OnTrac teilt mit, dass Angreifer zwischen dem 20. und 22. März Zugriff auf das Unternehmensnetzwerk und bestimmte Dateien hatten. Das Unternehmen entdeckte die Aktivität am 23. März und zog einen externen Spezialisten hinzu, um das Ausmaß des Vorfalls zu untersuchen. Eine Ransomware-Gruppe hat den Angriff bislang nicht für sich reklamiert.

Das Department for Education in England meldet, dass Hacker ungefähr 607.000 Datensätze mit Telefonnummern und E-Mail-Adressen erlangt haben. Nach Angaben der Behörde enthalten die Daten weder Bankinformationen noch andere sensible Angaben. Der Vorfall sei schnell eingedämmt worden, das Risiko für Betroffene werde nicht als hoch eingestuft.

Adobe hat Sicherheitsupdates für Bridge, Campaign Classic und Format Plugins bereitgestellt. Dazu gehört unter anderem ein kritischer Heap-basierter Pufferüberlauf in Format Plugins, der die Ausführung beliebigen Codes ermöglicht. In Bridge wurden mehrere Schwachstellen geschlossen, die Codeausführung und Rechteausweitung erlauben. Für Campaign Classic behebt Adobe Lücken, über die sich beliebiger Code ausführen und das Dateisystem auslesen lässt. Das Update für Campaign Classic trägt bei lokalen Installationen die Prioritätsstufe 1. Adobe zufolge gibt es keine Hinweise auf aktive Ausnutzung.

Huntress beobachtet seit dem 25. Juli eine breit angelegte Credential-Stuffing-Kampagne gegen SonicWall-VPN- und Firewall-Konten. Bislang seien erfolgreiche Anmeldungen bei 30 Organisationen festgestellt worden.

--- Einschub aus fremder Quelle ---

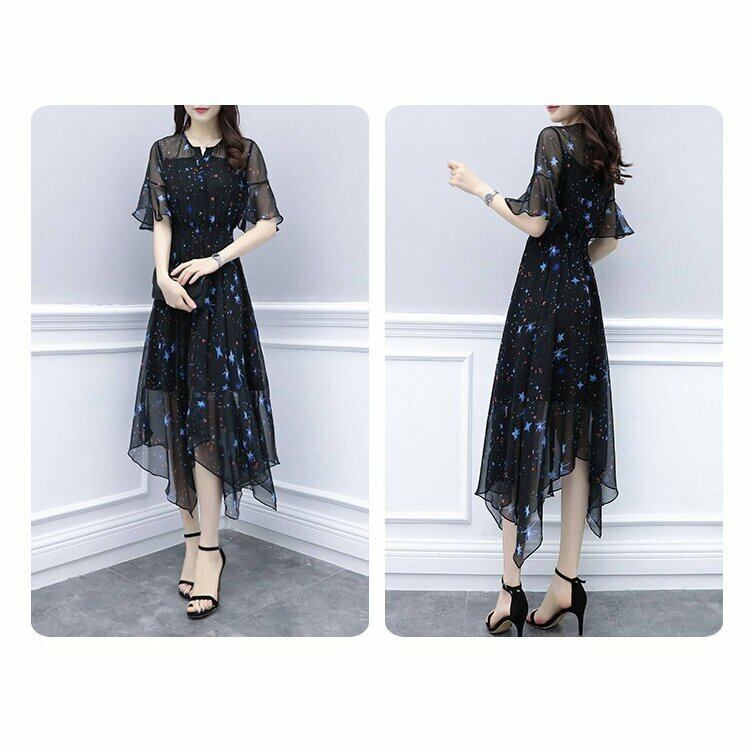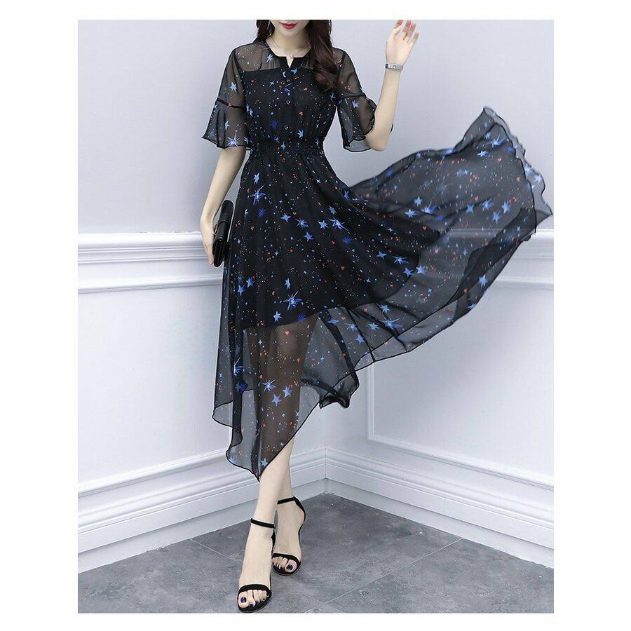 星柄アシンメトリ-ワンピース。ネイビ-地に落ち着いた色合いの星柄をプリント。透け感のあるしなやかな袖と裾が不規則なアシンメトリ-になっていてバランスが良く、軽やかでピュアでフェアリーなデザインになっています。煌めく太陽の光の中でも、また新緑の爽やかな風の中でも、着る人を美しく魅せてくれる一着です。裏地有り。ファスナ-なし(前ボタン)。

Die Aktivität gehe von fünf bei DigitalOcean gehosteten IP-Adressen aus und wirke automatisiert. Hinweise auf manuelle Aktivitäten nach einer Kompromittierung habe Huntress nicht entdeckt.

OpenAI hat die Codex Security CLI als Open Source veröffentlicht. Das Werkzeug soll Repositories prüfen, Ergebnisse über mehrere Durchläufe hinweg nachverfolgen, Korrekturen verifizieren und Sicherheitsprüfungen in CI/CD-Pipelines einbinden. Die frühe Version steht über npm und GitHub bereit; OpenAI bittet während der weiteren Entwicklung um Rückmeldungen.

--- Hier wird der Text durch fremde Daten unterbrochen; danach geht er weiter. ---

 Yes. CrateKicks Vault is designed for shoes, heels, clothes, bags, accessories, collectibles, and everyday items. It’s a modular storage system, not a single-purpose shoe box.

Amazon Threat Intelligence schreibt die jüngsten Kompromittierungen der populären NPM-Pakete Axios, Debug und Chalk sowie einen Vorfall mit einer Krypto-Schreibvariante der nordkoreanischen Gruppe Sapphire Sleet zu. AWS erklärt, die Gruppe konzentriere sich auf Pakete mit hohen Download-Zahlen, um eine möglichst breite nachgelagerte Wirkung zu erzielen. Hervorgehoben werden zudem weiterentwickelte Supply-Chain-Methoden, darunter fragmentierte Schadkomponenten und umgebungsabhängige Malware.

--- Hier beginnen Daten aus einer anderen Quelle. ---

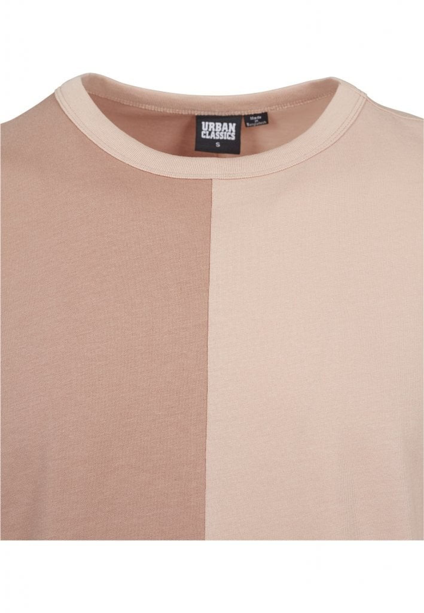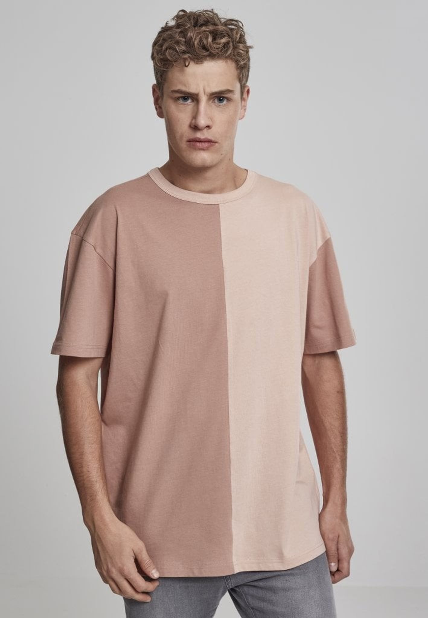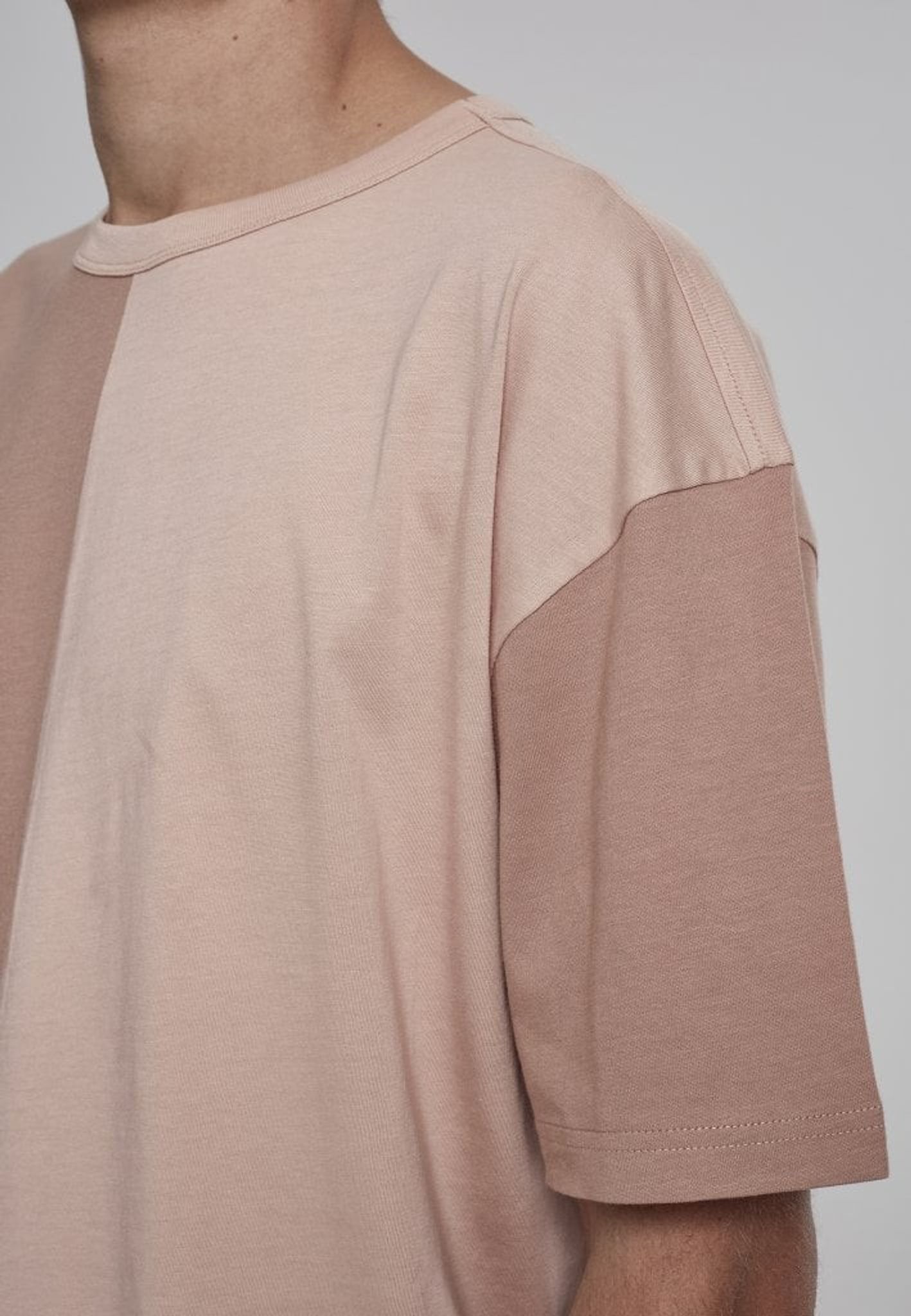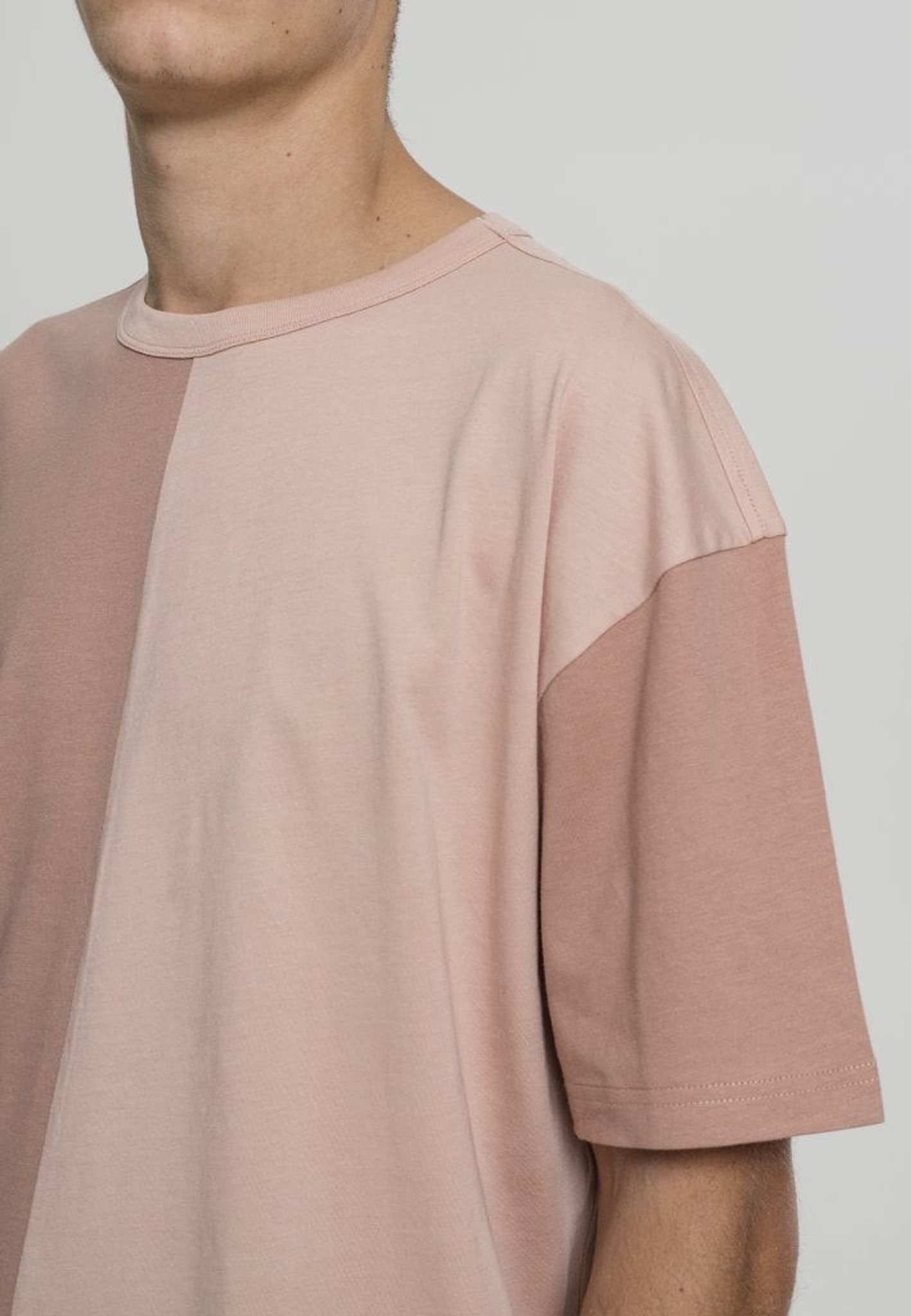 En hård T-shirt opdelt i to kontrastfarver. En skarp linje i midten af tøjet.

Ein Sicherheitsforscher hat in der My-Eicher-Plattform von VE Commercial Vehicles nicht authentifizierte interne Programmierschnittstellen entdeckt. Dadurch wurden Kunden-, Nutzer- und Fahrzeugdaten offengelegt und Kontoübernahmen ermöglicht. VE Commercial Vehicles ist ein Gemeinschaftsunternehmen von Volvo Group und Eicher Motors. Laut Bericht erlaubten die Schwachstellen die vollständige Kontrolle über Flotten von Nutzfahrzeugen in Indien sowie den Zugriff auf sensible Dokumente wie Aadhaar-Karten. Die zentralen Probleme wurden nach der Meldung behoben; später beseitigte das Unternehmen weitere Mängel.

Anthropic-Forscher haben mit Claude Mythos Preview zwei kryptanalytische Ergebnisse erzielt: einen verbesserten Schlüsselrückgewinnungsangriff auf das Post-Quanten-Signaturschema HAWK, der dessen effektives Sicherheitsniveau ungefähr halbiert, sowie einen schnelleren Meet-in-the-Middle-Angriff auf AES mit sieben Runden. Nach Angaben von Anthropic betreffen die Resultate keine derzeit eingesetzten Systeme: HAWK ist weiterhin ein Kandidat, und die Arbeiten zu AES beziehen sich auf eine reduzierte Rundenzahl. Die Ergebnisse zeigten jedoch Fortschritte KI-gestützter Kryptanalyse.